Give back exactly the lines of the data below, starting with the line that has "Ciambella al Limone" and going on through the line that has "Третью метрику вышила".
··· Dataset records
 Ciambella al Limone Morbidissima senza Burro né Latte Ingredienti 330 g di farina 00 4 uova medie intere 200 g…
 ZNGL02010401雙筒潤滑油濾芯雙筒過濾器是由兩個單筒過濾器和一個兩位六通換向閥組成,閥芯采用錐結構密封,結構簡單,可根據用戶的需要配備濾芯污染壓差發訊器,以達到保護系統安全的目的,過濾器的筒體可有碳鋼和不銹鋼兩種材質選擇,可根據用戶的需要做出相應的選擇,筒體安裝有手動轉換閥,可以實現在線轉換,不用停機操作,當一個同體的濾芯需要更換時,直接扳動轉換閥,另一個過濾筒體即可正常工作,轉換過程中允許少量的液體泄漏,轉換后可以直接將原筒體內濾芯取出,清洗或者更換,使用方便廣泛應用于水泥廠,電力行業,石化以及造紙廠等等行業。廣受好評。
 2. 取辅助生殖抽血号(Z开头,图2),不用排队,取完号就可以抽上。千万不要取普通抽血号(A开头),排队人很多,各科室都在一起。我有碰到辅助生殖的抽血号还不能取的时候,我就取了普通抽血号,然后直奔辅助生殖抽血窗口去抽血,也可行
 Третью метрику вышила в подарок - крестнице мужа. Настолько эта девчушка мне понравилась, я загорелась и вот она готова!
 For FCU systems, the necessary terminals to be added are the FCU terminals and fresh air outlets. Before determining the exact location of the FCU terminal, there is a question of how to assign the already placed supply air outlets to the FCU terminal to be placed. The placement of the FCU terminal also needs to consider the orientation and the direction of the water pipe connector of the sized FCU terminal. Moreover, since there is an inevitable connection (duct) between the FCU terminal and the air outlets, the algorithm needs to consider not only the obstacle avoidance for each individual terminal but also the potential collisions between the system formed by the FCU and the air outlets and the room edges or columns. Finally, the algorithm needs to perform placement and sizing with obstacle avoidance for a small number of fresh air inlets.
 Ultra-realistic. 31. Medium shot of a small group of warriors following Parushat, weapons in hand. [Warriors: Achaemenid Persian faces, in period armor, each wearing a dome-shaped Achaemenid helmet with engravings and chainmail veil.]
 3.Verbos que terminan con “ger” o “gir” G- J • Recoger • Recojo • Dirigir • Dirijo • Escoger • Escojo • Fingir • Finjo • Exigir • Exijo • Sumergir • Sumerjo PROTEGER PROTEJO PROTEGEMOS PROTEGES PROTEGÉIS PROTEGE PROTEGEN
······
··· Dataset records
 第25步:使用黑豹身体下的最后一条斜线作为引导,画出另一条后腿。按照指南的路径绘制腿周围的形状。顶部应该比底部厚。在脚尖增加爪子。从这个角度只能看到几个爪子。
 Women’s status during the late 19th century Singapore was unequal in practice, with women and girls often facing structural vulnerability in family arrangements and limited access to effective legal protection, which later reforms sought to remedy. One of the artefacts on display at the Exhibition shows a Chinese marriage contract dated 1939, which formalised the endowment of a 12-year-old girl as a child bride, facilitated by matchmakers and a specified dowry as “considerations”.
······
* **Result**:
 Ciambella al Limone Morbidissima senza Burro né Latte Ingredienti 330 g di farina 00 4 uova medie intere 200 g…
 ZNGL02010401雙筒潤滑油濾芯雙筒過濾器是由兩個單筒過濾器和一個兩位六通換向閥組成,閥芯采用錐結構密封,結構簡單,可根據用戶的需要配備濾芯污染壓差發訊器,以達到保護系統安全的目的,過濾器的筒體可有碳鋼和不銹鋼兩種材質選擇,可根據用戶的需要做出相應的選擇,筒體安裝有手動轉換閥,可以實現在線轉換,不用停機操作,當一個同體的濾芯需要更換時,直接扳動轉換閥,另一個過濾筒體即可正常工作,轉換過程中允許少量的液體泄漏,轉換后可以直接將原筒體內濾芯取出,清洗或者更換,使用方便廣泛應用于水泥廠,電力行業,石化以及造紙廠等等行業。廣受好評。
 2. 取辅助生殖抽血号(Z开头,图2),不用排队,取完号就可以抽上。千万不要取普通抽血号(A开头),排队人很多,各科室都在一起。我有碰到辅助生殖的抽血号还不能取的时候,我就取了普通抽血号,然后直奔辅助生殖抽血窗口去抽血,也可行
 Третью метрику вышила в подарок - крестнице мужа. Настолько эта девчушка мне понравилась, я загорелась и вот она готова!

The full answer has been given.